THE DATA »
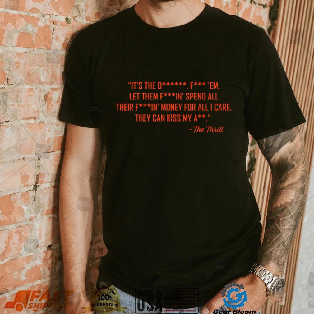 Geography. Pick the local team. If you are in say Miami, congratulations you can be a Dolphins fan and if you want to support teams across several levels, then the Dolphins for the NFL, Miami Hurricane among the power college programs and Florida International Panthers in the so-called Group of 5. If you are in an area not near an NFL team pick a The Thrill Quote Shirt college and could even find enjoyment following a small regional team that plays in Division II or III or Division I FCS.
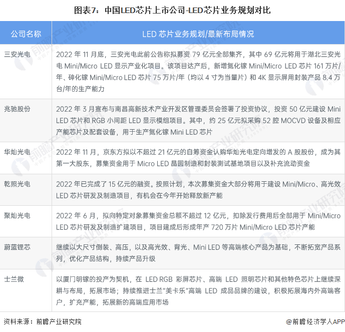 LED芯片代表性企业业务布局情况
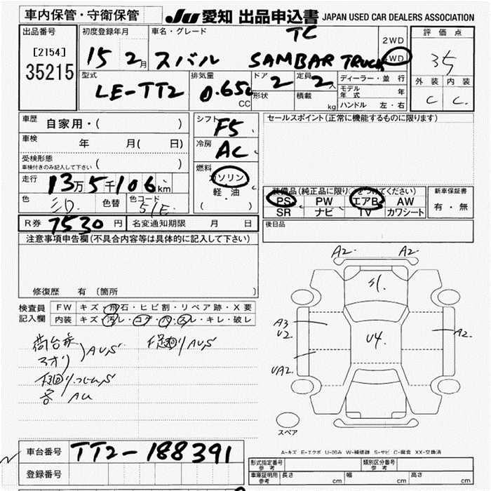 SUBARU SAMBAR TRUCK - лот 35215
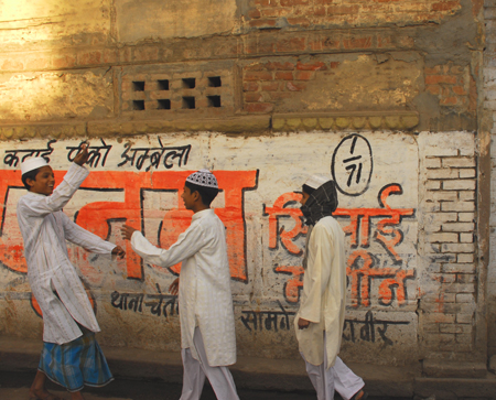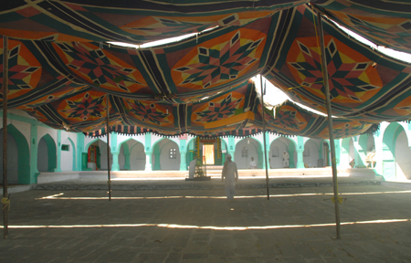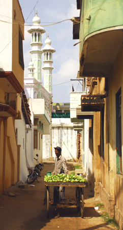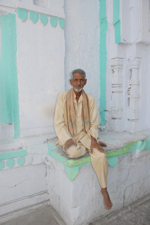 On our way out, we returned to Ajmer the next morning in part to thank the guards at the tomb for their graciousness and in part to get more photographs. Leaving our car at the gate, as we had the day before, we took two pedal rickshaws to the main gate of the shrine and had them wait. We photographed the entrance and all the people milling about. Some of the beggars were o.k. with photographs (for alms) some not. But I didn’t try. People were friendly, as usual, and several asked to have their pictures taken. Those who didn’t ask were nonetheless willing participants. |

WHAT THE TASK ASKS » Each line of the data needs to be output exactly, with any image excluded.

ANSWER AREA »
 Geography. Pick the local team. If you are in say Miami, congratulations you can be a Dolphins fan and if you want to support teams across several levels, then the Dolphins for the NFL, Miami Hurricane among the power college programs and Florida International Panthers in the so-called Group of 5. If you are in an area not near an NFL team pick a The Thrill Quote Shirt college and could even find enjoyment following a small regional team that plays in Division II or III or Division I FCS.
 LED芯片代表性企业业务布局情况
 SUBARU SAMBAR TRUCK - лот 35215
 On our way out, we returned to Ajmer the next morning in part to thank the guards at the tomb for their graciousness and in part to get more photographs. Leaving our car at the gate, as we had the day before, we took two pedal rickshaws to the main gate of the shrine and had them wait. We photographed the entrance and all the people milling about. Some of the beggars were o.k. with photographs (for alms) some not. But I didn’t try. People were friendly, as usual, and several asked to have their pictures taken. Those who didn’t ask were nonetheless willing participants. |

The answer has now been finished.